Cato’s research also found treatments were no longer warranted after 60% hard dough. Lorenz says consultants and growers simply need to look at the panicle and count the number of straw-colored grains and the green-colored grains. If 60% or more of the grains are straw colored across 50% of the field, then growers won’t see a benefit from an insecticide application.
Bateman says scouting for rice stink bugs should begin about 75% panicle emergence. Prior to heading, rice stink bugs can be found mostly in non-rice host plants on the edges of fields. It’s not until the plants begin to head that stink bugs begin to move into fields.
“Those rice stink bugs aren’t attracted to the rice until it starts to head,” Bateman says.
Throwing money away
Some growers tankmix a pyrethroid with the fungicide they put out for disease control at the boot stage, or about three weeks before heading. Both Lorenz and Bateman say adding the insecticide at that timing is a waste of money because the residual wears off long before the rice begins to head. As a result, the emerging heads will not be protected from rice stink bug feeding.
“Why put it out if it’s not going to protect the rice grain?” Bateman says. “If the heads aren’t out, you aren’t getting protection.”
In fact, putting out a pyrethroid before heading may actually flare rice stink bug populations because it kills beneficial insects, such as long-horned grasshoppers, that feed on stink bug eggs and small nymphs, he says.
Cause for concern
The practice also may be contributing to a loss of pyrethroid efficacy in at least a few Northeast Arkansas rice fields. Lorenz and Bateman say they received calls in late September 2019 from a grower who had applied pyrethroids three times and was still not able to obtain good control.
What was concerning was the large number of nymphs that survived treatment, Bateman says. He collected samples and sent them to Neel Joshi, a University of Arkansas assistant professor of entomology at the Fayetteville campus, to have them assayed for resistance.
Bateman also conducted some assays using backpack sprayers and 10 gallons per acre, which should yield optimum control.
“What we were seeing was only about 50% to 60% control, and the bioassays showed the same thing,” he says. “It’s definitely alarming now — that area of the state was spraying a lot of stink bugs at the time.”

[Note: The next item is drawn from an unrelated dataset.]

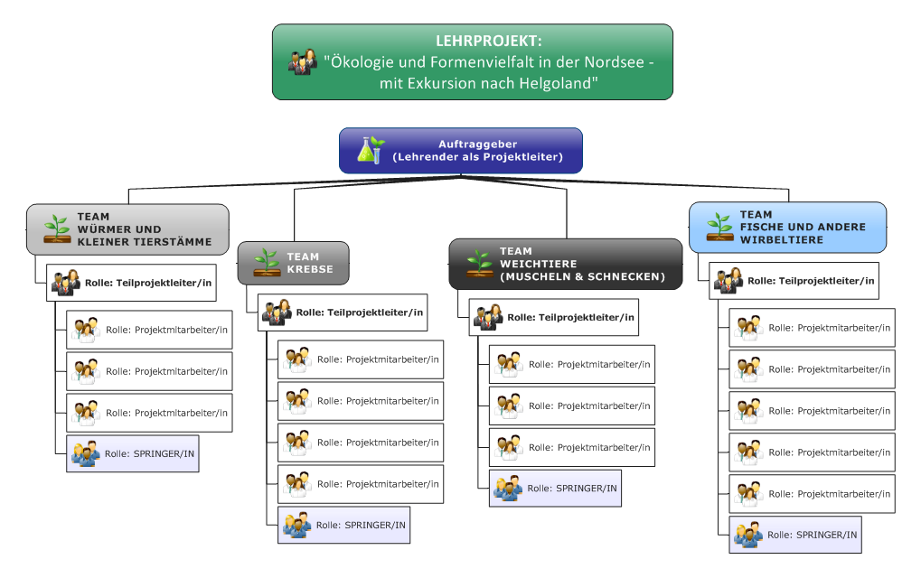 Wie das Schaubild zeigt, gab es noch eine weitere wichtige Rolle, da nicht immer alle Gruppen gleich viel Arbeitsaufwand haben können (z.B. aufgrund der Tatsache, dass nicht immer gleichmäßig viele Tiere in allen Gruppen eingefangen oder entdeckt werden). Je nach Aktivität (Kutterfahrt, Wattwanderung etc.) hatte das eine oder andere Team mehr oder weniger Arbeit. Deshalb habe ich mich dazu entschieden, dass jede Teilprojektleitung im Rotationsprinzip einen „Springer“ ernennt und dieser anderen Gruppen bei Bedarf unterstützend zu Hilfe kommt.

Growers do have rotational options — including Tenchu 20SG, a neonicotinoid; carbaryl, branded as Sevin; and malathon — but they are more costly, Bateman says.
Endigo ZC, a premix of thiamethoxam and lambda-cyhalothrin, has shown to be effective in trials against rice stink bugs, but it is not labeled for use in rice. Lorenz says the registrant, Syngenta, is working to get the product labeled for rice this season.